D17.1 A goose-down sleeping bag has a surface area of 2.25 m2 and is filled with a layer of down 5 cm thick. What is the heat-transfer rate (Hcd) through it from a person with skin temperature of 35°C to the outside air at -5°C. How does this rate compare with the body’s minimal metabolism rate, about 100 W?

The thermal conductivity of goose down is
K = 0.023 W/m C°

D17.2 A lamp bulb inside an ornamental spherical glass shell 20 cm in radius and 0.50 cm thick radiats 100 W of thermal power. What is the difference in temperature between the inner and outer surfaces of the glass?

(Hmmm, . . . go ahead and use e = 1.00, even in this case).

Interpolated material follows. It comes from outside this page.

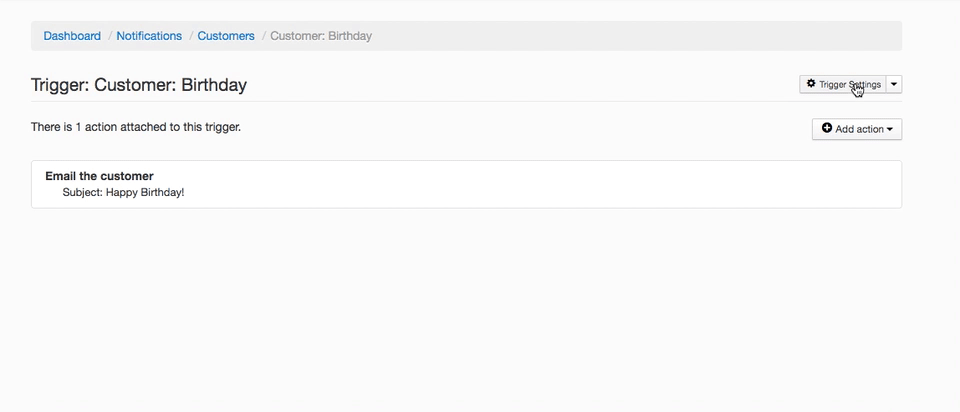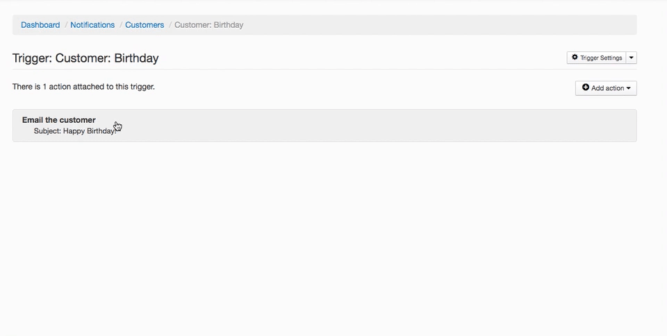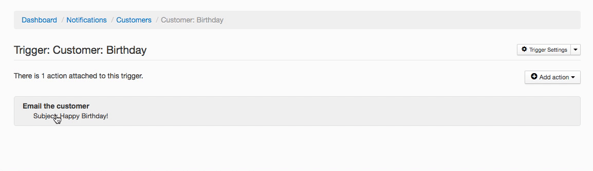 In this example, the customer will be emailed, with the subject Happy Birthday!

D17.3 Victoria, [BC,] Canada, is located at 48.5° north latitude. How high above the horizon is the Sun on the first day of summer and the first day of winter?

D17.4 A solar home is to be built in Minneapolis, 45° north latitude. What is the elevation of the Sun at midday on the first day of summer and on the first day of winter? An overhaning eave 85 cm wide is planned. How far below this eave will sunlight fall on the first day of summer and the first day of winter.
The first part of this questions requires exactly the same reasoning, using exactly the same kind of diagrams, as the previous question..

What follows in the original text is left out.